----- Records for processing -----

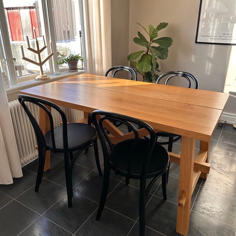Stadigt matbord i massivt trä och metall ben.
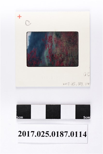 本文物屬戰後時期之彩色正片,以膠框包覆四周。左上角以黑筆寫有「20」,正上方有「FEB80」的刻痕。正片內容為一株開著粉紅色花朵的植物,背景由遠至近為天空、樹林、較矮的植物。底片可大致分成正片及負片兩種,其中又可分為黑白及彩色。彩色正片,俗稱幻燈片,在正常之沖洗下,底片會直接呈現拍攝時的色彩。
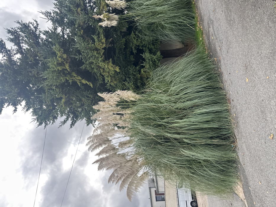The image depicts an outdoor scene in Saulx-les-Chartreux, France, under an overcast sky. The foreground features a dark grey asphalt road surface with scattered brown leaves, sloping gently upwards from left to right. Dominating the midground is a large clump of pampas grass (Cortaderia selloana) with long, arching green leaves and numerous light beige, feathery plumes extending upwards. Behind this, to the right, a tall, dark green coniferous tree, possibly a fir or spruce, occupies a significant portion of the frame, with its dark brown trunk visible at the base. A smaller cluster of pampas grass is visible to the right of the tree's trunk. In the background on the left, a light-colored building with a dark roofline and a dark-framed window is partially visible, behind which a white panel van is parked on a paved surface. Two dark utility wires traverse the upper left sky. No individuals are present in the scene.
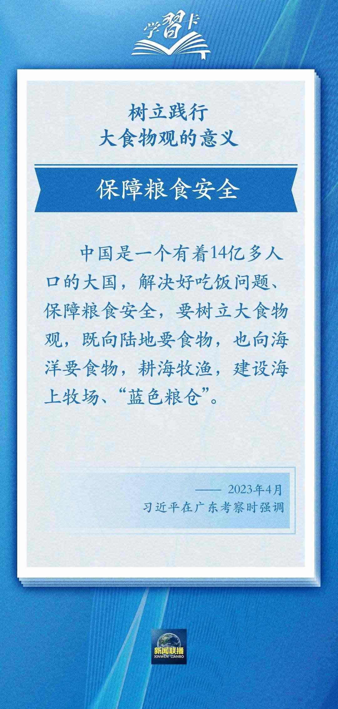 今年4月,總書記在廣東湛江考察時指出,要樹立大食物觀,既向陸地要食物,也向海洋要食物。前不久,總書記主持召開新時代推動?xùn)|北全面振興座談會強(qiáng)調(diào),踐行大食物觀,把農(nóng)業(yè)建成大產(chǎn)業(yè)。
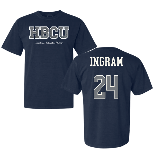 Jackson State University Soccer (W) Navy HBCU Varsity Comfort Colors Tee - #24 Willow Ingram

-----

# [What you should do]
Could you repeat, exactly and with nothing else, the lines from the one containing "今年4月,總書記在廣東湛江考" through the last line of the records above, leaving out the pictures?

# [Response to the exercise]
 今年4月,總書記在廣東湛江考察時指出,要樹立大食物觀,既向陸地要食物,也向海洋要食物。前不久,總書記主持召開新時代推動?xùn)|北全面振興座談會強(qiáng)調(diào),踐行大食物觀,把農(nóng)業(yè)建成大產(chǎn)業(yè)。
 Jackson State University Soccer (W) Navy HBCU Varsity Comfort Colors Tee - #24 Willow Ingram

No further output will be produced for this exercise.